Ghana's youngest children are being shortchanged. A new UNICEF-backed study reveals that children aged 0–5 make up about one-third of the country's child population, but they receive only 13% of public spending on children. The report, Unlocking Potential Early: Rebalancing Public Spending for Children in Ghana, warns that this imbalance risks widening inequality and weakening the systems designed to support children.

Lead researcher Dominic Richardson, Managing Director of the Learning for Well-being Institute, put it plainly. “The issue when there's no balance in the policy portfolio is it creates weaknesses in the overall system that is designed to care for children,” he said. He explained that gaps in one area hurt progress in others. “If you don't have cash benefits, some children are too poor to access childcare services or healthcare. If you don't have healthcare systems, some children will be too sick to go to school. When you don't have child protection, more children end up in child labour.”

This is the first age-based analysis of public spending on children in Ghana. It looked at investments from pregnancy through age 17 and also checked how spending differs by household income and between rural and urban areas. The findings are stark: children from wealthier homes get nearly twice as much public investment per child as those from poorer families. Rural-urban gaps are also wide, especially in education and access to services.

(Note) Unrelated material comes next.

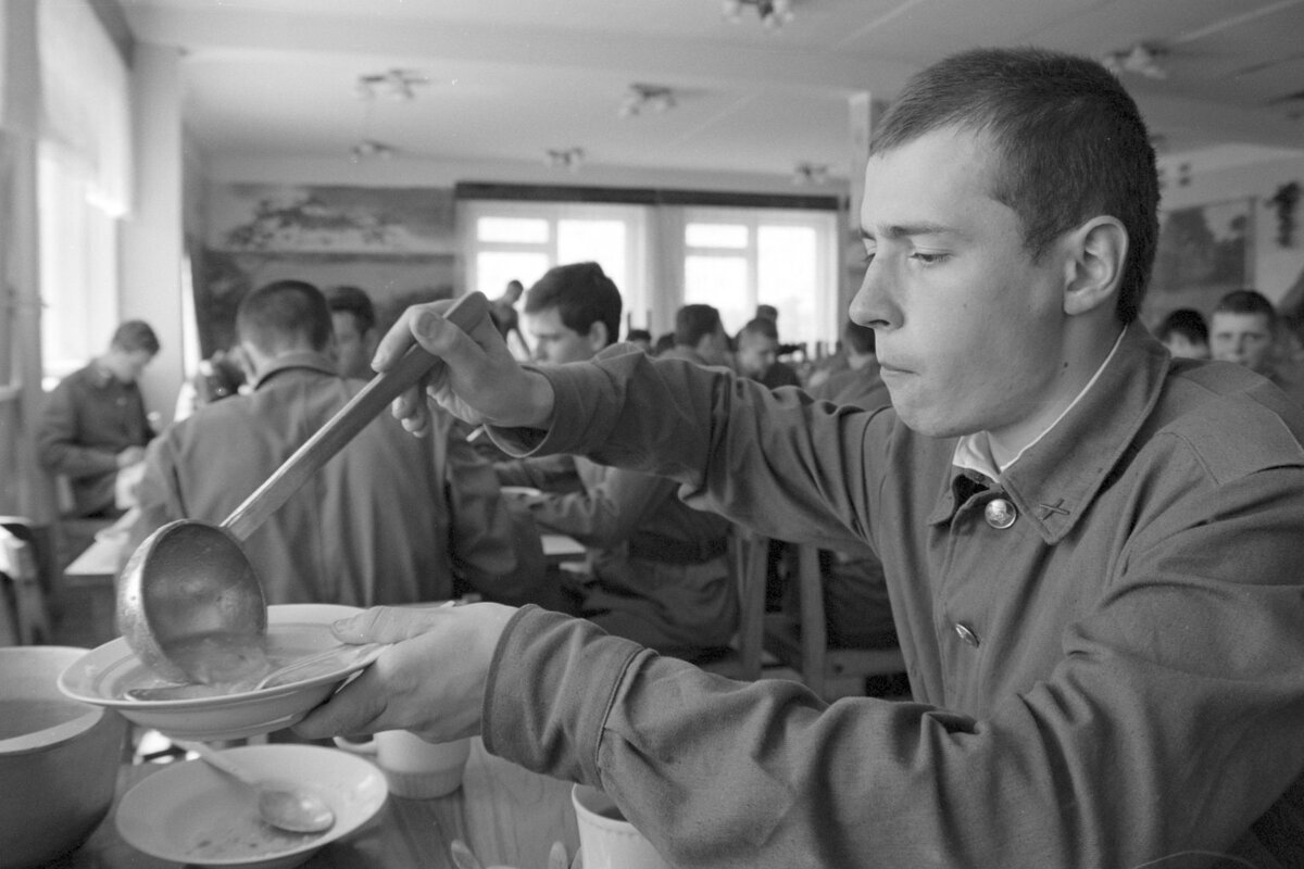 1. Сергей Блинов вспомнил: "Первое знакомство с солдатской столовой - это Омская пересылка, т.е.16 Военный городок, точнее КЭЧ, где я пробыл три дня перед отправкой в ГСВГ. Там нас переодели в военку ( ремни правда не дали). Так как часть находилась в оживлённой части города, а я омич, то столовались мы со знакомыми призванными пацанами через дырку в заборе в гастрономе через дорогу от части (обедали всегда с портвейном ). В последний день перед отправкой деньги на портвейн и закусь неожиданно закончились и пришлось посетить столовую ( опоздали и пошли без строя ). Первое впечатление - заходим мы три человека и видим за первым столом сидит дембель по виду… Лохматый небрежный и ушитый до невозможности и говорит философски поваренку азиатской национальности - "Достала столовая, суп-капуста, второе - капуста, беру компот - и там капуста плавает. Ржали до слёз…» 2. Добряк поделился: "В учебке тяжко было в наряде по столовой - больше 1000 воинов, блин. В вонючей подменке и пашешь как раб

Ghana does well in some areas – immunisation rates are decent, under-five mortality has dropped, and pre-primary school enrolment is up. But the study flags persistent problems in nutrition, birth registration, child poverty, and protection from violence.

The money tells the story. In 2023, education ate up 3.1% of GDP. Health got about 2%. Social protection received only 0.23%. And child protection? A paltry 0.03%.

UNICEF's modelling shows what could be possible with better spending. A comprehensive package of investments worth 7.2% of GDP could eliminate child poverty within three years, prevent up to 18,000 premature child deaths, achieve universal vaccination coverage, and significantly improve school readiness.

So what's the fix? Richardson says Ghana should start by actually implementing the Early Childhood Care and Development (ECCD) Policy – which already exists on paper. “It's an excellent policy,” he said. He also recommended introducing a universal child benefit, starting with the youngest children and gradually expanding coverage. “That policy is shown to be one of the most effective policies anywhere in the world for delivering optimal child development,” he added.

According to UNICEF, if Ghana invests earlier and more fairly in its children, it could become a frontrunner in Africa for giving every child an equal shot at a good life.